Billy Crystal: No primeiro dia em que trabalhamos juntos, nos mostraram as versões mais jovens de Mike e Sulley. Nós começamos a rir, pois eles nos fizeram parecer mais jovens. Sulley é mais saudável e magro. Mike tem seu aparelho e há mais juventude nos seus olhos. Eles simplesmente se portam de forma diferente. É sutil, mas está lá.
John Goodman: Depois de algumas tomadas, apenas acontece, organicamente. Você pega outras energias e simplesmente acontece. É uma diferença sutil, mas esta lá.

Qual seria o marco na amizade entre Mike e Sulley?

Goodman: Acho que a razão pela qual eles funcionam juntos é que, de certa forma, eles se completam. Acho que Sulley precisa muito, muito do Mike Wazowski. Ele o torna completo e permite que Sulley respire um pouco.
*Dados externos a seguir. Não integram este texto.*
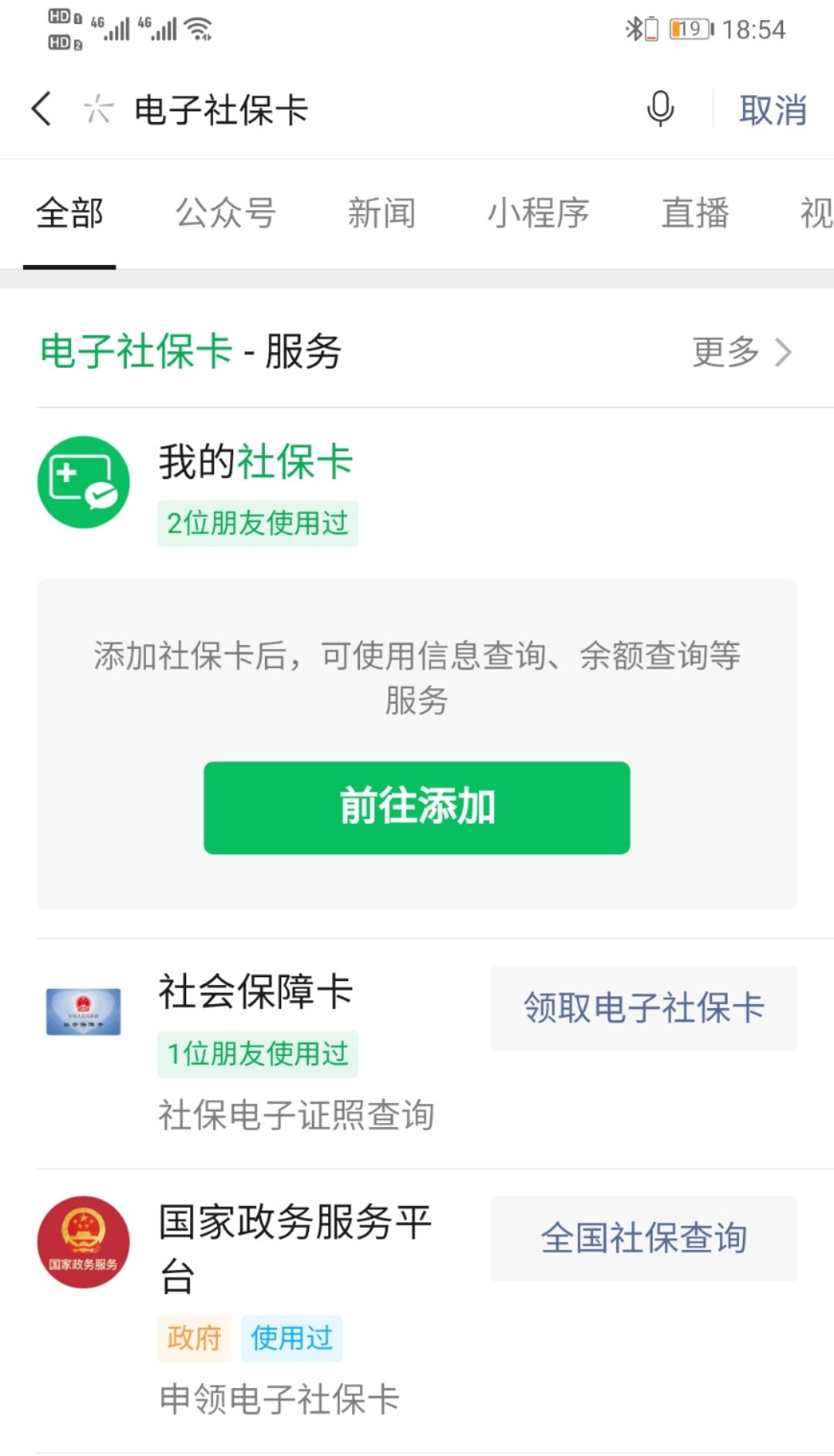 方法一:在微信搜索社保、社保查询、社保办理等与社保相关的关键词即可得到相应服务,除了社保以外,如果搜索公积金、居住证、身份证、违章缴纳等关键词,同样也可以得到对应的办理服务;

Especialmente neste filme, em que eles não são monstros completamente formados ainda, eles aprendem um com o outro. Eles aprendem a se adaptar e abandonar as suas noções preconcebidas de si mesmos e do mundo. Eles são bons um para o outro.
Crystal: Para mim, Mike é destemido. Ele é realmente meu personagem favorito, de tudo que já fiz. Eu realmente senti falta de interpretá-lo. (...) Eu amo interpretar esse cara e interpretá-lo com John é fenomenal pois nós trabalhamos juntos no estúdio e podemos atuar juntos. Não estamos apenas lendo as falas. Estamos interpretando os personagens e nós os sentimos. Acho que é por isso que a relação deles na tela é tão legal. É algo real.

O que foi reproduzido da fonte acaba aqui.